Ни одной прежней черты. Прежде он был красивый меланхолик, избалованный славой и женщинами, щедро наделенный лирическим украинским юмором, человеком большой судьбы. Помню его вместе с двумя другими юмористами: Женей Шварцем и Юрием Тыняновым в Доме искусств, среди молодежи, когда стены дрожали от хохота, когда Зощенко был недосягаемым мастером сатиры и юмора,— все глаза зажигались улыбками всюду, где он появлялся.

Теперь это труп, заколоченный в гроб. Даже странно, что он говорит. Говорит он нудно, тягуче, длиннейшими предложениями, словно в труп вставили говорильную машину — через минуту такого разговора вам становится жутко, хочется бежать, заткнуть уши. Он записал мне в «Чукоккалу» печальные строки:

 

И гений мой поблек, как лист осенний —

В фантазии уж прежних крыльев нет.

 

Слово прежний он написал через b. Я сказал ему:

— Как я помню ваши b.

— Да, было время: шутил и выделывал штучки. Но, Корней Иванович, теперь я пишу еще злее, чем прежде. О, как я пишу теперь!

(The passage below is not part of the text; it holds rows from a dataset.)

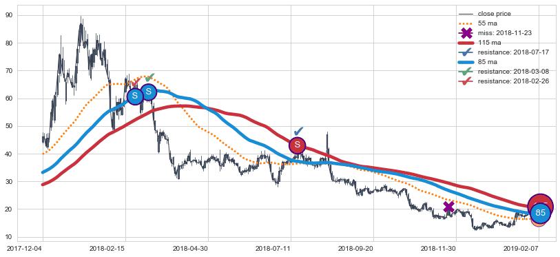 ⚂ 2019-07-24-日均线向上突破,2019-09-18-日重新下穿均线破位,均线阻力再次生效
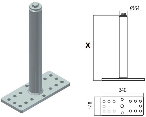 Paletto Linea Vita Combo base inclinata CSC 504-70 H cm.76
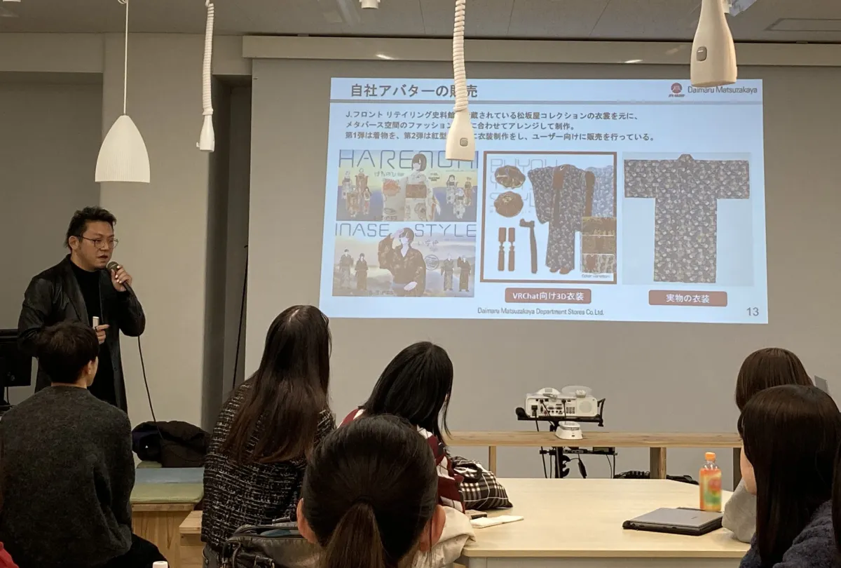 2026年1月、大丸松坂屋百貨店は青山学院大学の「デジタルストーリーテリングラボ」において、メタバースを活用したシティプロモーションに関する特別講義を開催しました。講義のテーマは「伝統芸能×メタバースによる地方創生」であり、受講生たちは実際に遠隔から伝統文化を体験することができました。
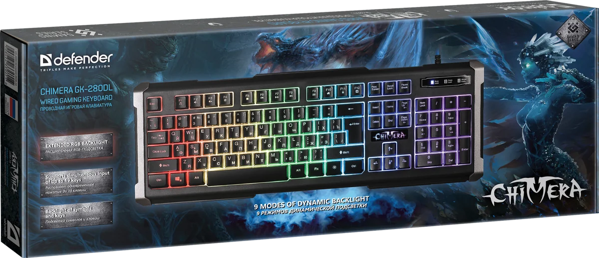 FN+1 Мерцающая радужная волна, FN+2 Бегущая радужная волна, FN+3 Пульсирующая 7-цветная подсветка, FN+4 Бегущая 3-цветная подсветка, FN+5 Статичная подсветка 1 из 7 цветов, FN+6 Динамическая подсветка всеми цветами спектра, FN+7 Настраиваемая разноцветная подсветка каждой из 6 зон клавиатуры*, FN+8 7-цветная подсветка, реагирующая на нажатие, FN+9 Звукоактивная подсветка.
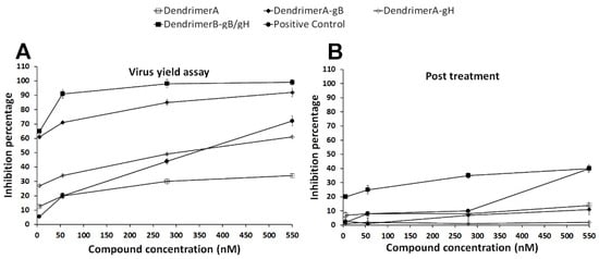 - Virus yield reduction assay. Confluent Vero cell monolayers (12-well plates) were washed with phosphate-buffered saline (PBS) and infected with HSV-1 at multiplicity of infection (MOI) of 1 for 1 h at 37 °C. Then, virus inocula were mixed with the antiviral compounds at the concentrations indicated above. Infected cells were washed with PBS, covered with fresh culture medium, and incubated for 48 h; then, they were scraped into culture medium and disrupted by sonication.
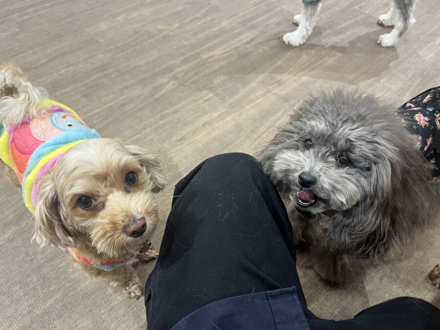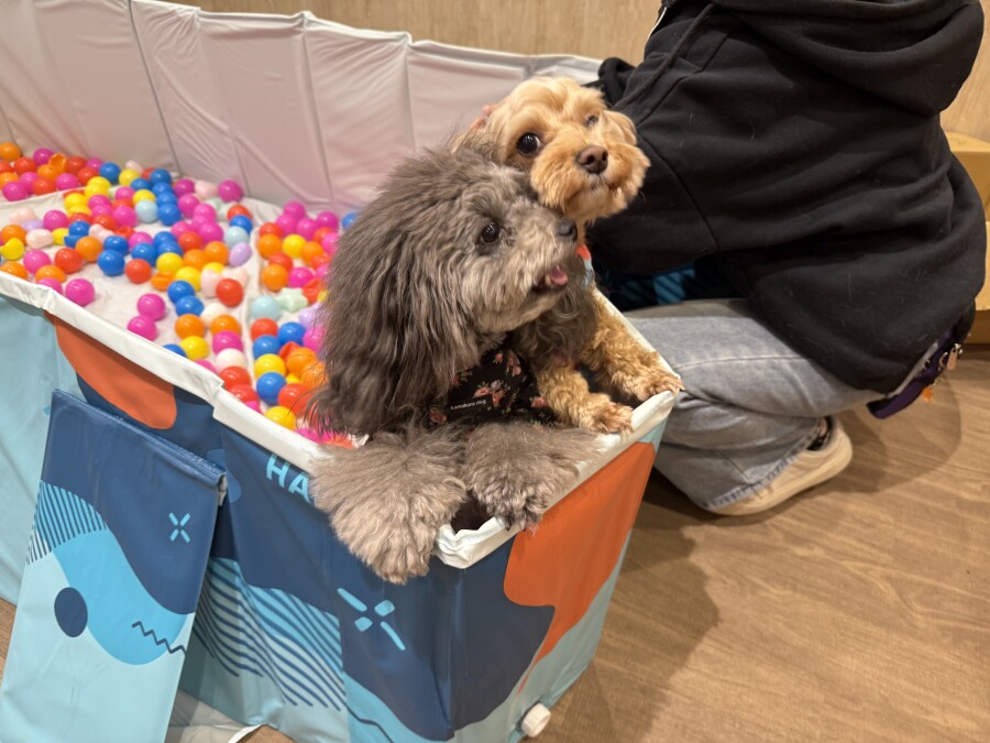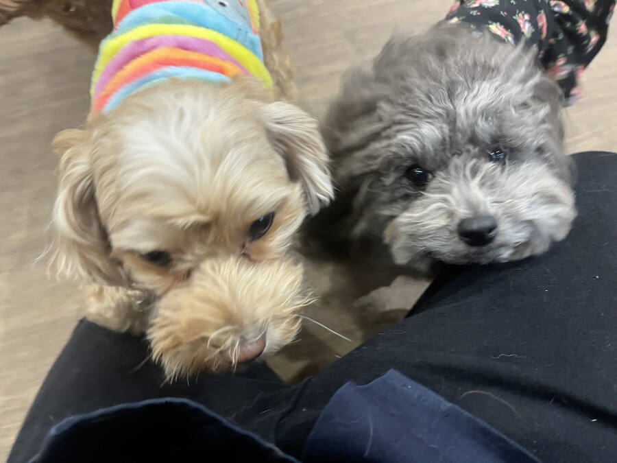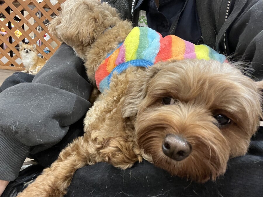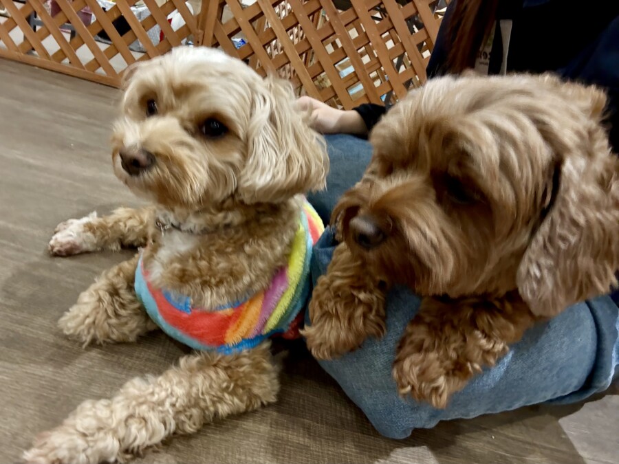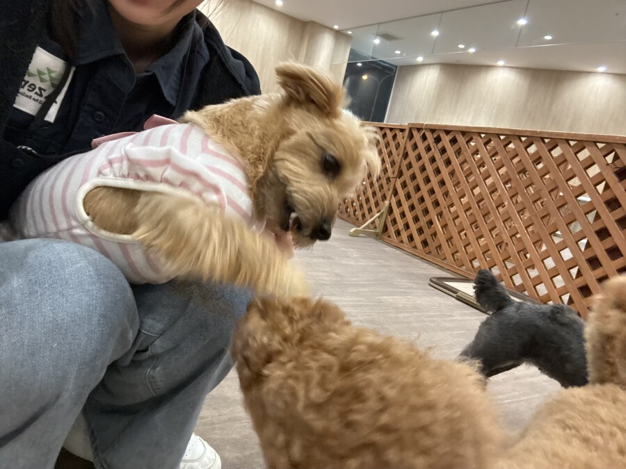 一方もう片方のエリアでは撫でられ待ち!順番こでしょ!!と言わんばかりにおててでエイエイ!仲良しさんです♪
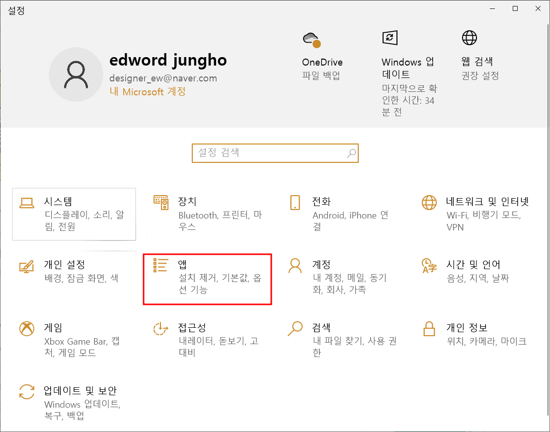 - [시스템]을 클릭한 다음 [앱 및 기능] 옵션을 선택합니다.
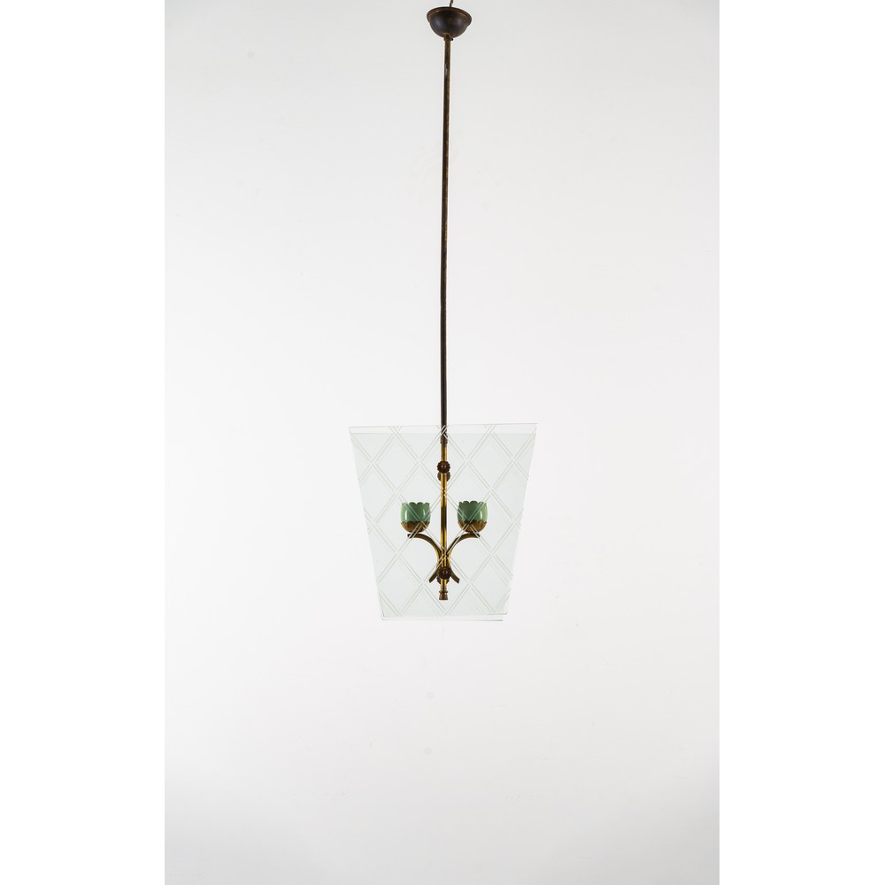 Lampada a sospensione a due luci, struttura in ottone con diffusore composto da due lastre di cristallo incise a rombi, portalampada a fiore in metallo verniciato verde.
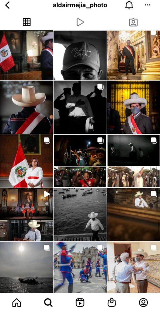 Diversas fotografías del presidente Pedro Castillo, por ejemplo, se encuentran en la cuenta personal de Instagram del fotógrafo Aldair Mejía, uno de los que presta servicios para Palacio de Gobierno. Esas imágenes no están en los archivos del Despacho Presidencial, ni aparecen en las galerías de las entidades públicas que son de acceso general para cualquier peruano o periodista.
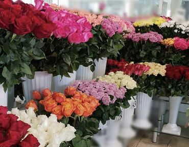 - Большой выбор роз: красные, белые, кремовые, лиловые, розовые, персиковые, оранжевые, двухцветные. Классические розы с крупным бутоном, кустовые розы, пионовидные и спрей-розы.
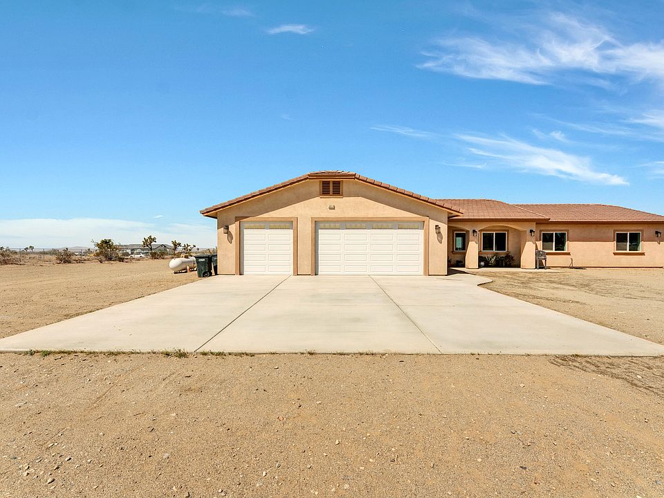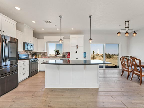 THIS BEAUTIFUL HOME was built in 2020 sitting on 2 acres +/- of horse property in Pinon Hills. BE the lucky owner and enjoy the peace and quiet in this home. From the Family room, balcony, and kitchen enjoy the BEAUTIFUL view of the mountains. Just imagine when it snows how beautiful the view of the mountains will be. 3-car attached garage. As you enter the home the OPEN FLOOR PLAN, Leads to the kitchen and family room with a marble counter and beautiful white cabinets. large tile wood-looking floors, tray ceiling, and all LED lighting. The benefit of the open floor plan is that you can be in the kitchen with the huge island, marble counters, stainless steel appliances & beautiful backsplash. There are 4 bedrooms, 2 full bathrooms, & a one-half bath. The indoor separate laundry room with storage and quartz counters makes doing the laundry just a little more enjoyable :-) Check out the master bathroom, it's truly impressive with dual sinks, hardware, high-end touches, and a massive tile/glass shower with dual shower heads including a large overhead rain-style feature! The other 3 bedrooms have walking closets. The property also has a TANKLESS water heater. The land is ALL useful on a FLAT land. This home is located in the AWARD WINNING SNOWLINE SCHOOL DISTRICT & more. This is your chance for this BEAUTIFUL HOME to be yours.
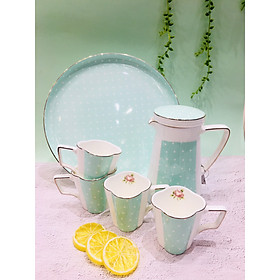 ✨Bộ trà sứ xương cao cấp cốc cao chấm bi xanh ROYAL 5546

И я по его глазам увидел, что он ничего не пишет и не может написать. Екатерина Павловна посадила меня рядом с собою — почетнейшее место: — я выхлопотал, чтобы по другую сторону сел Зощенко. Он стал долго объяснять Ек. П-не значение Горького, цитируя письмо Чехова — «а ведь Чехов был честнейший человек» — и два раза привел одну и ту же цитату — и мешал Ек. Павловне есть, повторяя свои тривиальности. Я указал ему издали Ирину Шаляпину. Он через несколько минут обратился к жене Капицы, вообразив, что это и есть Ирина Шаляпина. Я указал ему его ошибку. Он сейчас же стал объяснять жене Капицы, что она не Ирина Шаляпина. Между тем ведь предположено 3-го апреля его выступление на вечере Горького. С чем же он выступит там? Ведь если он начнет канителить такие банальности, он только пуще повредит себе — и это ускорит его гибель. Я спросил его, что он будет читать. Он сказал: «Ох, не знаю». Потом через несколько минут: «лучше мне ничего не читать: ведь я заклейменный, отверженный».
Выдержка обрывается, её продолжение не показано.